The type of person who relies on a drug is one who has an emptiness crying out to be comforted.  The opiate user lacks – and seeks – peace, safety and tranquility while the cocaine user lacks and seeks energy, focus and confidence.   In the end, it is the emotional profile of the person who is taking these drugs that makes all the difference.  In addiction, it is a profile of need for the drug, more psychological than physical.   This need is based on the profile of the person at the time they are taking the medication.  With that said, let us view today’s “opiate epidemic” with the knowledge that there is no such thing as a pill with a mind of it’s own, only a person who seeks relief from emotional stress.
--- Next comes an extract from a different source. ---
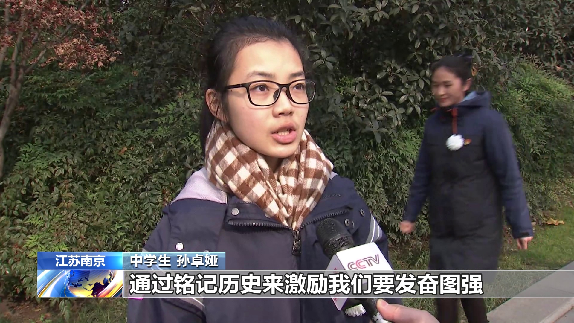 南京中學生 孫卓婭:勿忘國恥,和平生活的來之不易,通過銘記歷史來激勵我們要發奮圖強,努力學習,展望更加和平美好的未來。

    By 2016 the number of opiate related deaths by legal prescription exceed that of heroin and cocaine combined.  Most of these deaths were due to the misuse and or mixing of pain medications with alcohol or other drugs (called ‘poly-pharma’) or taking more than was prescribed.  Some were intentional suicides.  The solution, after studying this issue extensively, is one of providing psychological care and physical detoxification in manner that is painless and compassionate.  Jail for addicts is foolish and counterproductive.  The essence of true recovery lies in the replacement of drugs as a crutch by providing a sense of purpose to the victim’s life, a restoration of love and faith providing a reason to live other than for the purpose of using drugs.